Hi,
Couple of comments on this.
What you're proposing is difficult to do at scale and would require some
type of Paxos style algorithm for the update only if different - it would
be easier in that case to just go ahead and do the update.
Also, it seems like a conflation of concerns - in an event sourcing model,
we save the immutable event, and represent current state in another,
separate data structure. Perhaps cassandra would work well here - that
data model night provide what you're looking for out of the box.
Just as I don't recommend people use data stores as queuing mechanisms, I
also recommend not using a queuing mechanism as a primary datastore - mixed
semantics.
--
*Colin*
+1 612 859-6129
On Mon, Jan 5, 2015 at 4:47 AM, Daniel Schierbeck
daniel.schierb...@gmail.com wrote:
I'm trying to design a system that uses Kafka as its primary data store by
persisting immutable events into a topic and keeping a secondary index in
another data store. The secondary index would store the entities. Each
event would pertain to some entity, e.g. a user, and those entities are
stored in an easily queriable way.
Kafka seems well suited for this, but there's one thing I'm having problems
with. I cannot guarantee that only one process writes events about an
entity, which makes the design vulnerable to integrity issues.

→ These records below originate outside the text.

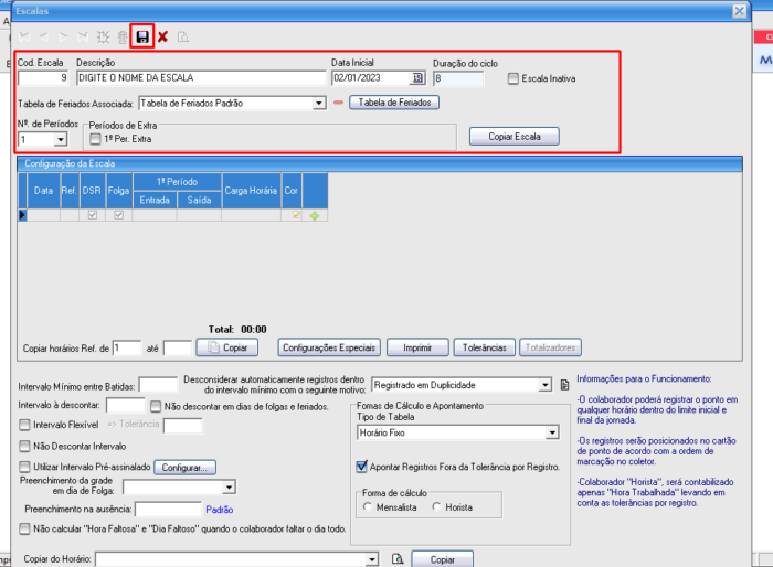 - Primeiramente, preencha o cabeçalho do horário, inserindo em Descrição o nome da escala, em Data Inicial o dia em que a escala começa, em Duração do Ciclo os dias em que vamos incluir os horários da escala para que seja repetido depois (Exemplo: na escala 18×36 até que preenchemos todos os horários que o funcionário fará, totalizarão 8 dias), em Nº de Períodos preencher a quantidade de períodos (Exemplo: caso o funcionário pare para fazer intervalo, seu horário possui 2 períodos, e caso pare para fazer dois intervalos, seu horário possui 3 períodos e assim por diante). Após preencher essas inforações, clique no ícone do disquete para salvar.
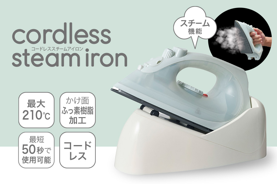 スチーム機能でしわ伸ばし、コードレスで小回りの利くアイロン
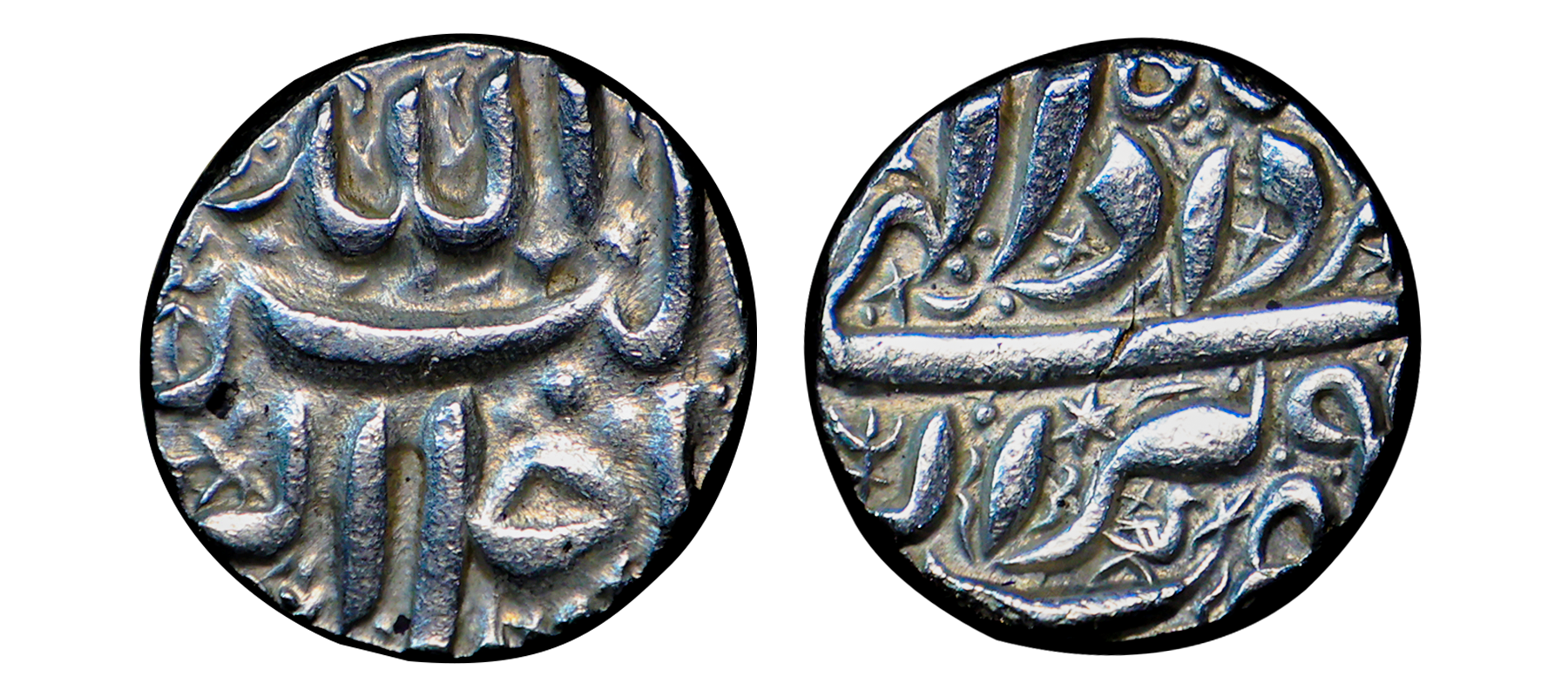 Akbar (AH 963-1014 /1556-1605 AD), Silver Rupee, 11.28 gms, Bang Mint (Off flan), AH 1001 (Alf Ahad), Obv. Kalima Shahada, Rev. Jalal ud din Muhammad Akbar Badshah Ghazi Alf Ahad, Unlisted in KM, extremely fine, rare.
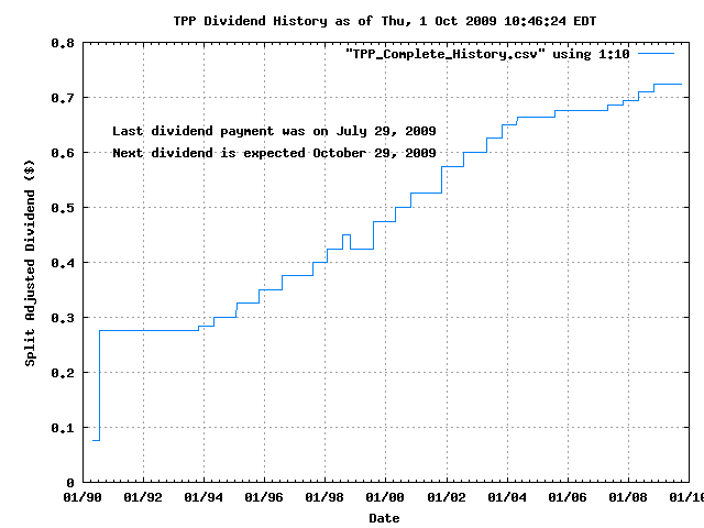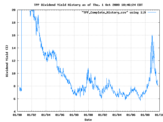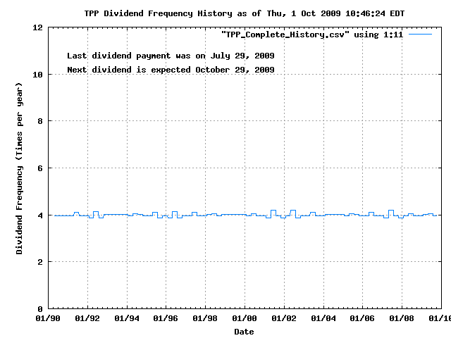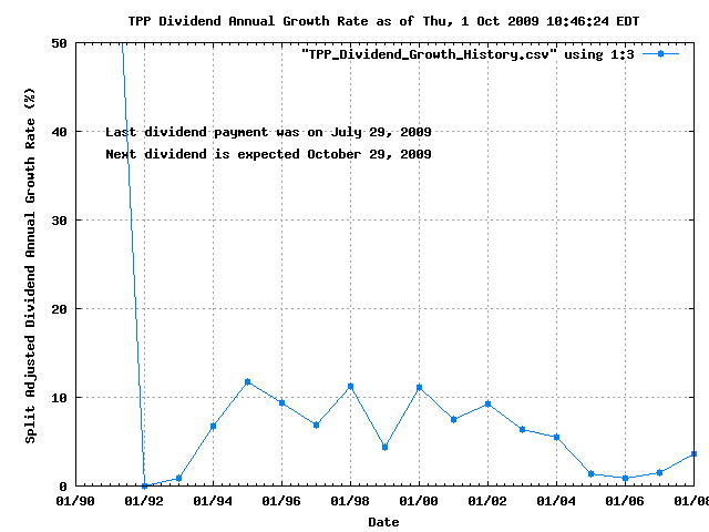 Dividend Growth Rate, min = 0.00% per year, mean = 9.68% per year, std. dev. = 4.49%, "Sharpe Ratio" = 2.16
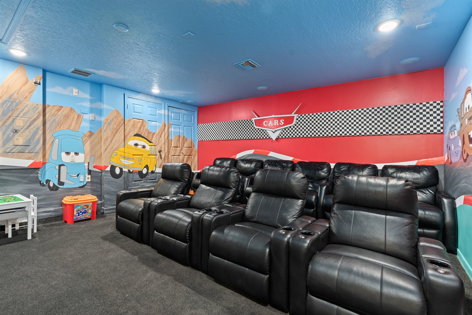 The kids and big kids in your group will love what we have done with the garage — turned it into a large movie theater / Cinema with reclining chairs, Dolby surround sound, and a large screen TV with DVD, Roku, and Streaming!

For example, say that a user can have multiple email addresses assigned,
and the EmailAddressRemoved event is published when the user removes one.
There's an integrity constraint, though: every user MUST have at least one
email address. As far as I can see, there's no way to stop two separate
processes from looking up a user entity, seeing that there are two email
addresses assigned, and each publish an event. The end result would violate
the contraint.
If I'm wrong in saying that this isn't possible I'd love some feedback!
My current thinking is that Kafka could relatively easily support this kind
of application with a small additional API. Kafka already has the abstract
notion of entities through its key-based retention policy. If the produce
API was modified in order to allow an integer OffsetConstraint, the
following algorithm could determine whether the request should proceed:
1. For every key seen, keep track of the offset of the latest message
referencing the key.
2. When an OffsetContraint is specified in the produce API call, compare
that value with the latest offset for the message key.
2.1. If they're identical, allow the operation to continue.
2.2. If they're not identical, fail with some OptimisticLockingFailure.
Would such a feature be completely out of scope for Kafka?
Best regards,
Daniel Schierbeck